Closing technique the talk wants to be remembered for: hill climbing on evals. Run the suite, get a number, change one architectural primitive, re-run, watch the number move. Use Claude Code (on Opus 4.7 at extra-high effort) as the triage engine for the failures. Expand the eval suite as product capability expands so it always covers what you actually care about.

Try It

  • Inventory your agent’s tools. For each tool, ask: could code execution replace this? If the tool is reading a CSV, parsing a spreadsheet, transforming data between formats, or invoking a CLI, the answer is almost always yes. Code execution + the file system primitive is a more flexible substitute that uses far less context.
  • Compute your system prompt’s line count. If it’s over ~100 lines, you’ve crossed the bolt-on threshold. Identify sections that are task-specific (a forecasting policy, an output-formatting policy, a domain-specific procedure) and refactor each into a separate skill. Leave the system prompt with only what Claude needs in mind for every task — identity, tone, hard rules.
  • For every sub-agent, run the two-criterion test. Does this sub-agent (a) parallelize many Claudes on the same problem, or (b) genuinely need a fresh context separated from the parent? If neither, collapse it into the main orchestrator and replace its capability with a skill plus the right primitives. Frontier models are absorbing more of these jobs into the main agent each release.

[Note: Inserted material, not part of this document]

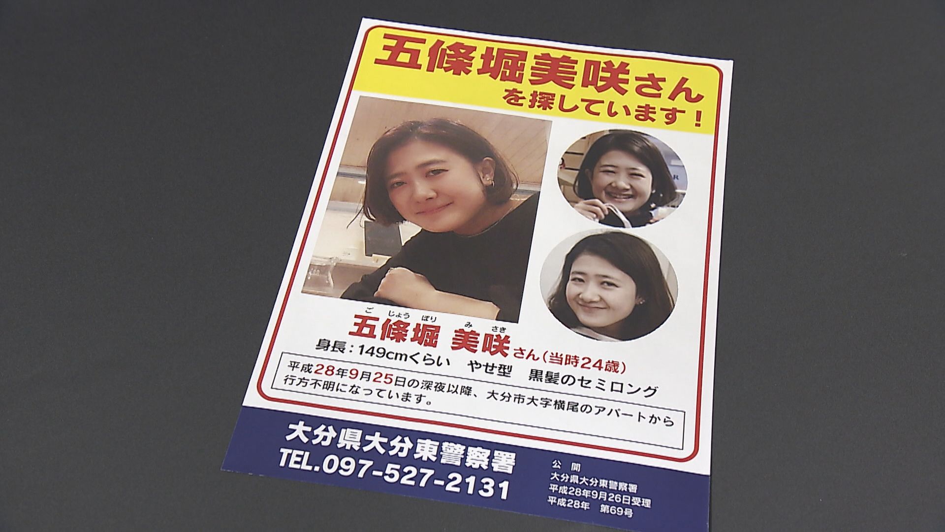 五條堀美咲さん行方不明から9年 父親「長かったようであっという間」警察と情報提供呼び掛け 大分

  • Wire eval as a Claude Code workflow. Put your eval suite behind a single command. Have Claude Code (Opus 4.7 at extra-high effort is Will’s default) run it, then triage the failures and propose root causes. This is the loop that turns architecture decisions into evidence-based ones instead of intuition-based ones — what Anthropic internally calls hill climbing.
  • If you’re using CMA, swap sub-agents-as-tools to the native callable-agents API. The native path gives unified observability and metrics across the multi-agent transcript, fixes the communication-breakdown failure mode, and removes a class of brittle output-structure bugs.
  • Default to Claude Code primitives, then custom tools, then MCP — never the other order. MCP only when multiple clients need the same standardized governed tool set. Resist the pull to stand up an MCP server before the agent has even stabilized — that’s the path to a chaotic overlapping-MCP ecosystem.